__Work instructions__. Having located the line with "En el Museo", repeat it and all remaining lines of the records exactly. Pictures do not belong in the answer.

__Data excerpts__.
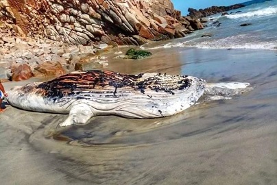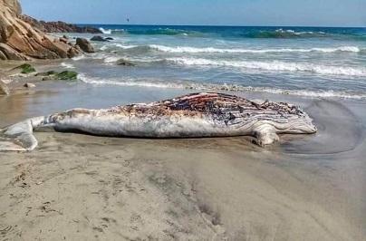 Ballena varada en playas de Oaxaca
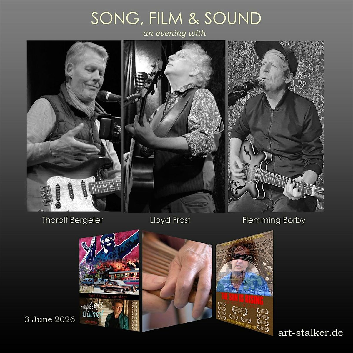 Der multimediale Abend bietet ein abwechslungsreiches Programm mit dem bekannten dänischen Musiker Flemming Borby (GREENE, LABRADOR), Thorolf Bergeler, der außerdem eine Foley-Demonstration (von ihm für Spielfilme kreierte Soundeffekte) gibt, und dem Kanadier Lloyd Frost, der seine beiden preisgekrönten Musikvideos (In Everyone’s Eyes, The Sun Is Rising) zeigt.
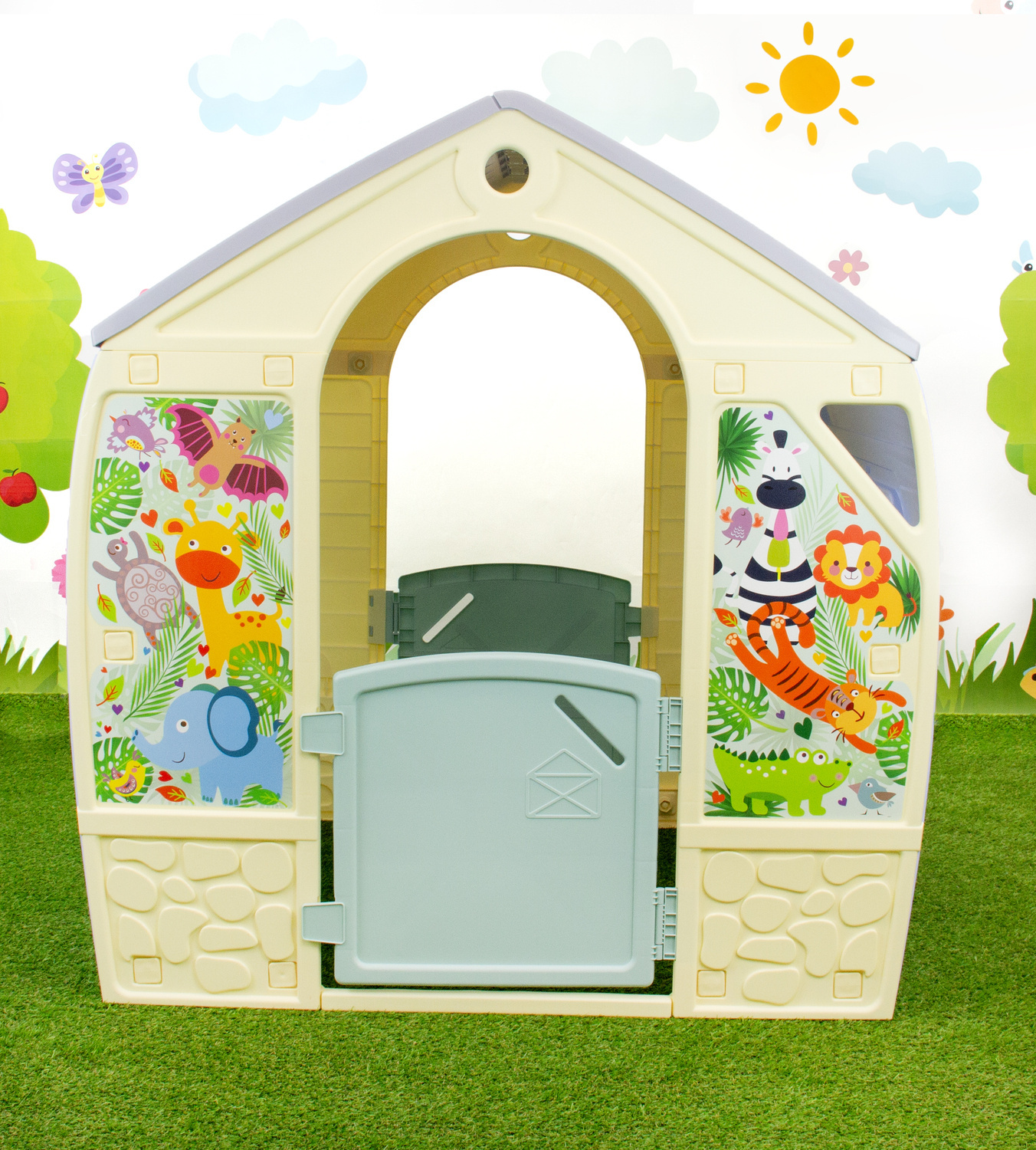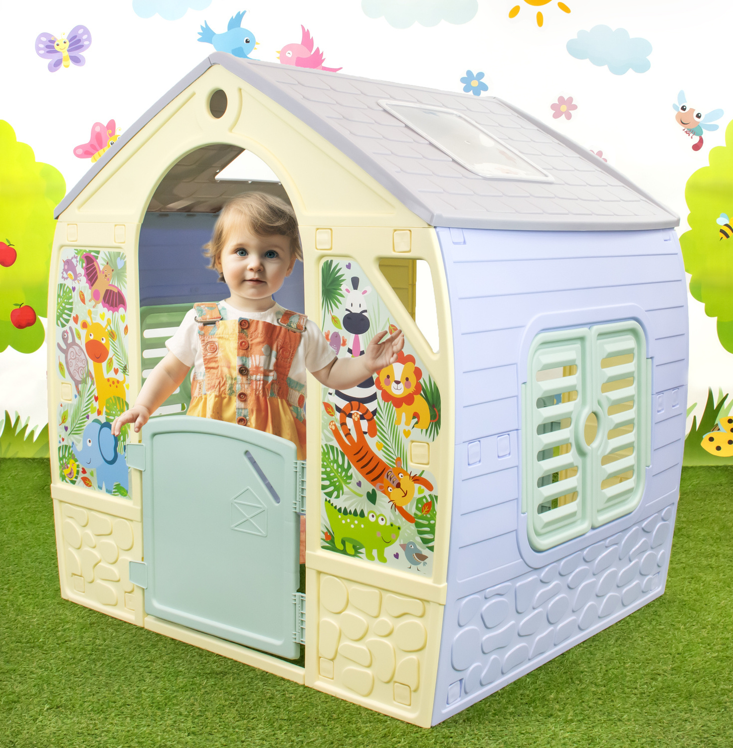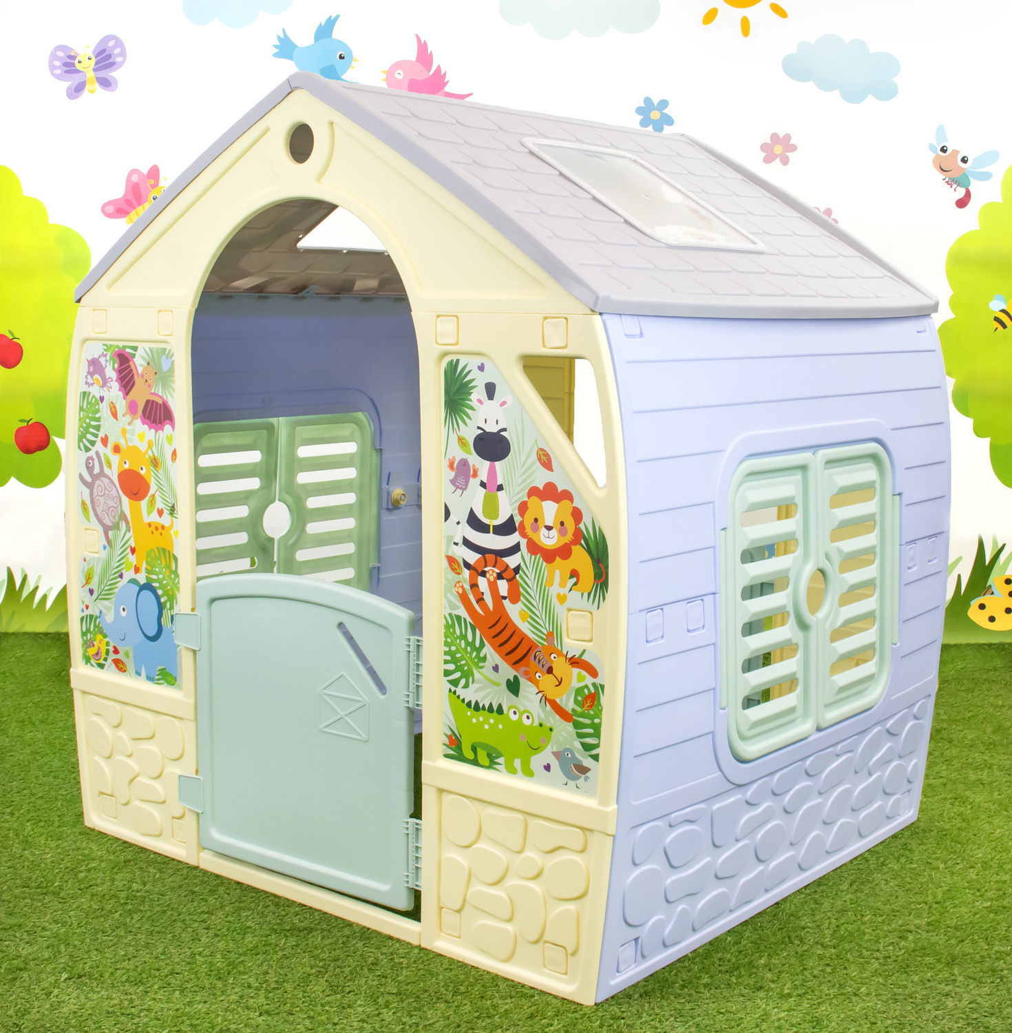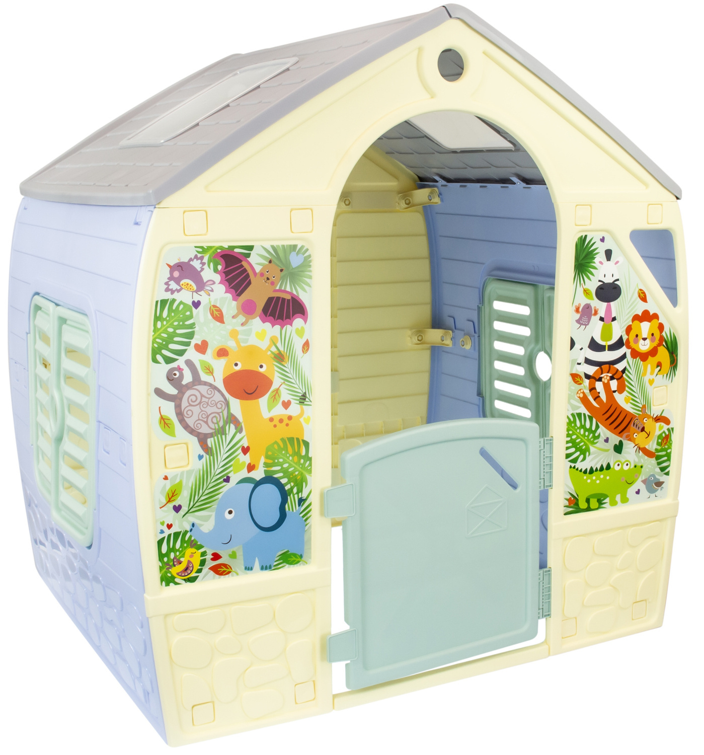 Domek ogrodowy stanie się ulubionym miejscem zabaw Twojej pociechy i jej przyjaciół. Oryginalnego charakteru nadaje mu modna, pastelowa kolorystyka i ściany ozdobione naklejkami zwierzątek prosto z safari, takie jak zebra, słoń, żyrafa, tygrys, aligator i inne. Domek ma otwierane okiennice i drzwi.
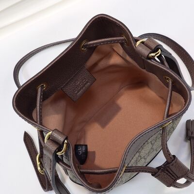 Elevate your luxury accessory lineup with the New Classic Printed Gucci Small Bucket Bag—a timeless women's leather piece that merges European and American retro charm with versatile functionality for the modern fashion enthusiast. Crafted from a premium blend of genuine cowhide and leather canvas, this bag strikes the perfect balance between rugged durability and refined texture. The cowhide adds structural integrity and a luxe tactile feel that ages beautifully with wear, while the leather canvas ensures lightweight ease for all-day carry.
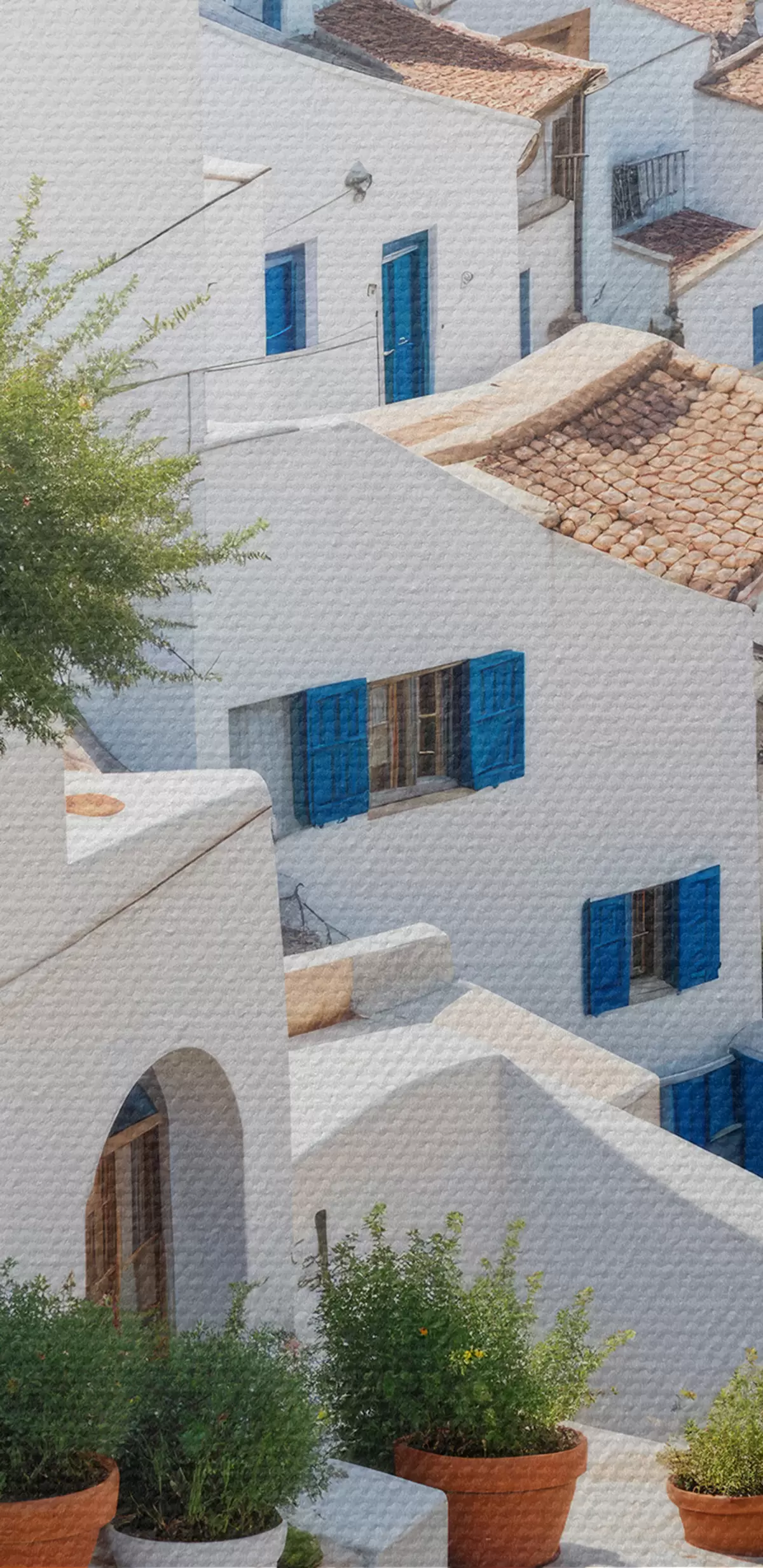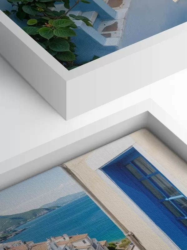 Pictură pe pânză Un oraș de coastă pitoresc, cu clădiri albe, ferestre albastre și ghivece de plante pe străzile înguste Nr s40148
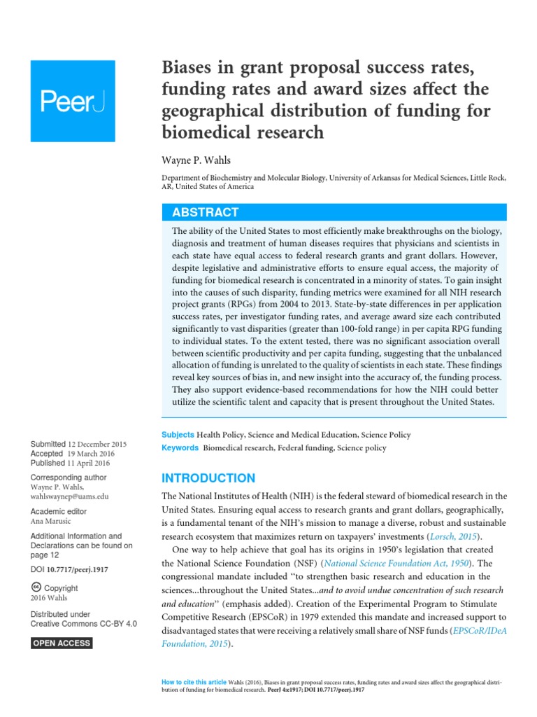 bution of funding for biomedical research. PeerJ 4:e1917; DOI 10.7717/peerj.1917
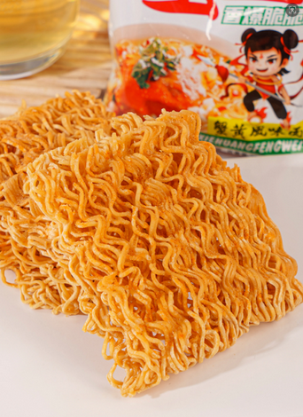 1.工艺升级:蟹黄干脆面采用三段式精准控温油炸工艺,通过 140℃→160℃→180℃的分段控温,使面饼含油量稳定在行业优质水平,既保留了传统酥脆口感,又实现轻油减糖的健康升级。同时,优化压延工艺,使面饼纹理更细腻、层次更丰富,入口“嘎嘣脆”,碎渣少,满足感更强。
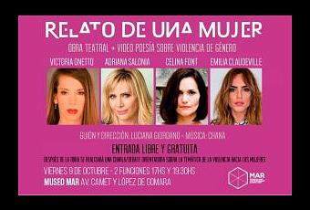 En el Museo de Arte Contemporáneo de la ciudad se realizaron dos funciones de la obra de teatro Relato de una Mujer, con un espacio para debate y reflexión acerca del fenómeno de la violencia de género. Las actrices Victoria Onetto, Adriana Salonia y Celina Font fueron presentadas por Emilia Claudeville, encarnando cada faceta del círculo que atraviesan las víctimas de violencia en sus etapas de romance, tensión y explosión.
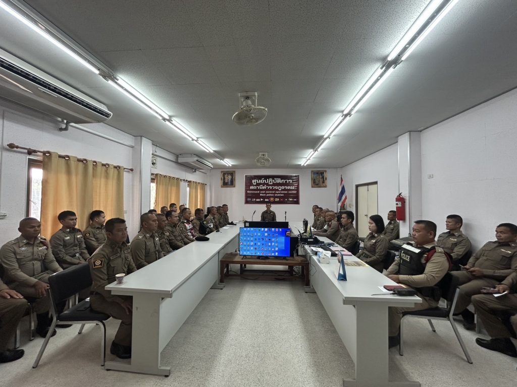 ภาพหัวหหัวหน้าสถานีตำรวจชี้แจงและให้ข้อมูลเกี่ยวกับการประเมิน
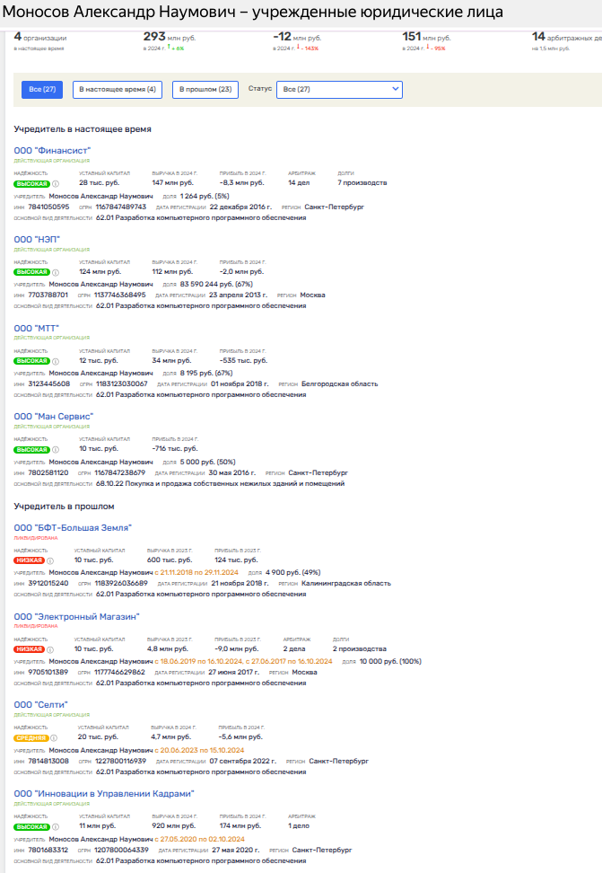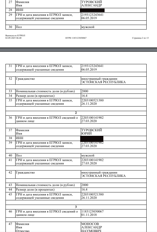 Но вернёмся к нашему Моносову, который Александр. На его балансе доли в четырех компаниях, три из которых работают в сфере it. По двум компания г-н Моносов - партнёр семейства Туровских. Оба они - граждане не дружественной РФ Эстонии.

__Response__.
 En el Museo de Arte Contemporáneo de la ciudad se realizaron dos funciones de la obra de teatro Relato de una Mujer, con un espacio para debate y reflexión acerca del fenómeno de la violencia de género. Las actrices Victoria Onetto, Adriana Salonia y Celina Font fueron presentadas por Emilia Claudeville, encarnando cada faceta del círculo que atraviesan las víctimas de violencia en sus etapas de romance, tensión y explosión.
 ภาพหัวหหัวหน้าสถานีตำรวจชี้แจงและให้ข้อมูลเกี่ยวกับการประเมิน
 Но вернёмся к нашему Моносову, который Александр. На его балансе доли в четырех компаниях, три из которых работают в сфере it. По двум компания г-н Моносов - партнёр семейства Туровских. Оба они - граждане не дружественной РФ Эстонии.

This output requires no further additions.